▶ **Aim of the exercise**:
Write out the stretch of lines below that begins at the line with "صفحات وحسابات على" and ends at the line with "Chic navy midi", including both, exactly as given and nothing more.

▶ **Data to use**:

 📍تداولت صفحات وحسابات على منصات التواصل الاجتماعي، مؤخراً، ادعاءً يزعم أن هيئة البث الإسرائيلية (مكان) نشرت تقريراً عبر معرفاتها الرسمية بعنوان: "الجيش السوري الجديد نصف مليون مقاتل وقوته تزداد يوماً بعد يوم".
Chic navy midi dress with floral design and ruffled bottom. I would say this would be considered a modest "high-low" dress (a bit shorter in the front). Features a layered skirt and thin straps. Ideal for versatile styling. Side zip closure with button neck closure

==

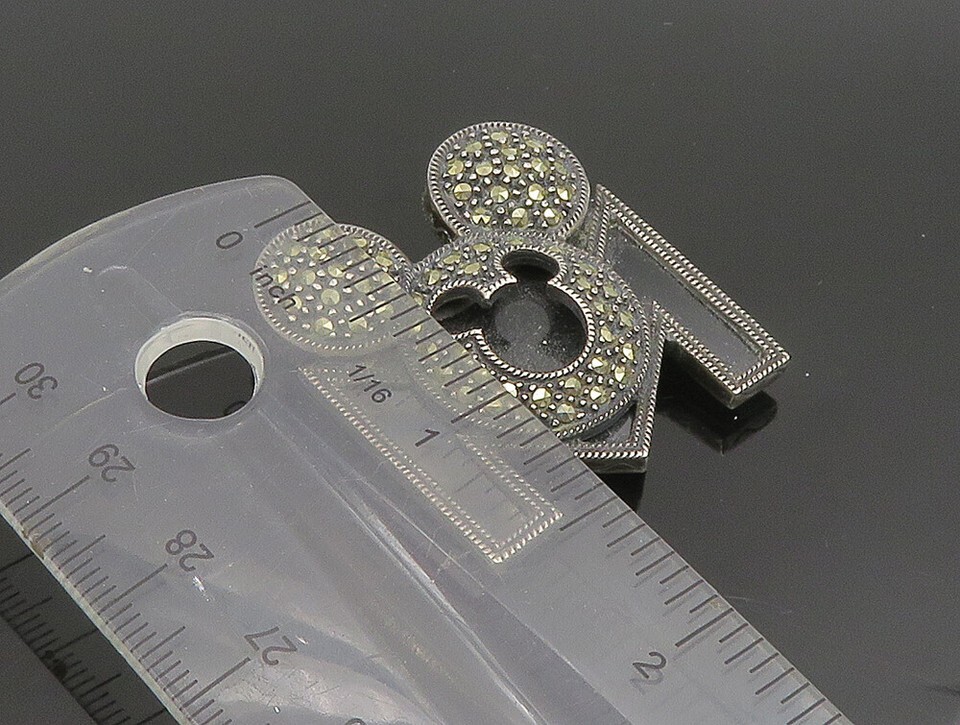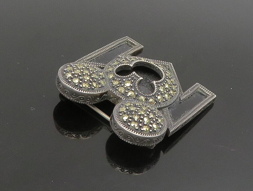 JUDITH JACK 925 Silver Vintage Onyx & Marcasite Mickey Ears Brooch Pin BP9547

▶ **Result of the exercise**:
 📍تداولت صفحات وحسابات على منصات التواصل الاجتماعي، مؤخراً، ادعاءً يزعم أن هيئة البث الإسرائيلية (مكان) نشرت تقريراً عبر معرفاتها الرسمية بعنوان: "الجيش السوري الجديد نصف مليون مقاتل وقوته تزداد يوماً بعد يوم".
Chic navy midi dress with floral design and ruffled bottom. I would say this would be considered a modest "high-low" dress (a bit shorter in the front). Features a layered skirt and thin straps. Ideal for versatile styling. Side zip closure with button neck closure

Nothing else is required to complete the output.